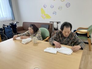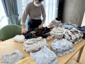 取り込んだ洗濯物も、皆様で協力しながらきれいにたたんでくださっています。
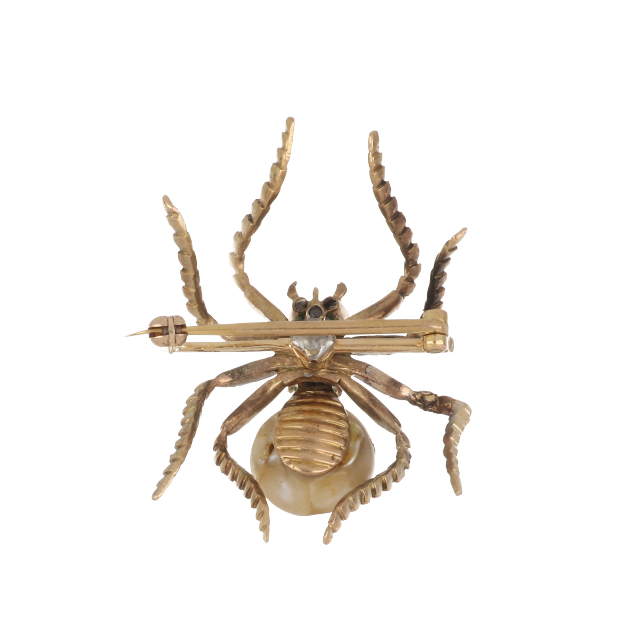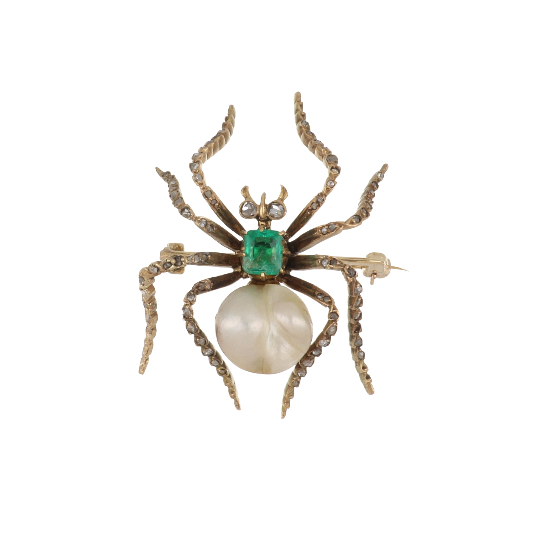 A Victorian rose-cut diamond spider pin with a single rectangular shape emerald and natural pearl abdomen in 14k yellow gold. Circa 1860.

────────

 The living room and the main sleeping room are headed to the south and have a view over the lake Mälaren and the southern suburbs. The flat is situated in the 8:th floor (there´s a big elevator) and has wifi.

────────

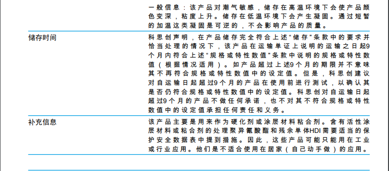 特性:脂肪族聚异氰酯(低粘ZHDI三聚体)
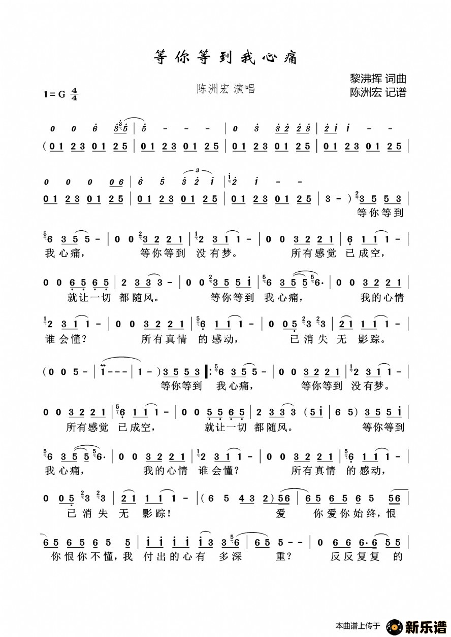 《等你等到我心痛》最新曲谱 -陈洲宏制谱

────────

- [Work required] Reproduce, word for word, everything in the listing above from the line containing "取り込んだ洗濯物も、皆様で協力しながらきれいにたたんでくださっています。" down to the line containing "A Victorian rose-cut", both of them included. No pictures.

- [Task response]
 取り込んだ洗濯物も、皆様で協力しながらきれいにたたんでくださっています。
 A Victorian rose-cut diamond spider pin with a single rectangular shape emerald and natural pearl abdomen in 14k yellow gold. Circa 1860.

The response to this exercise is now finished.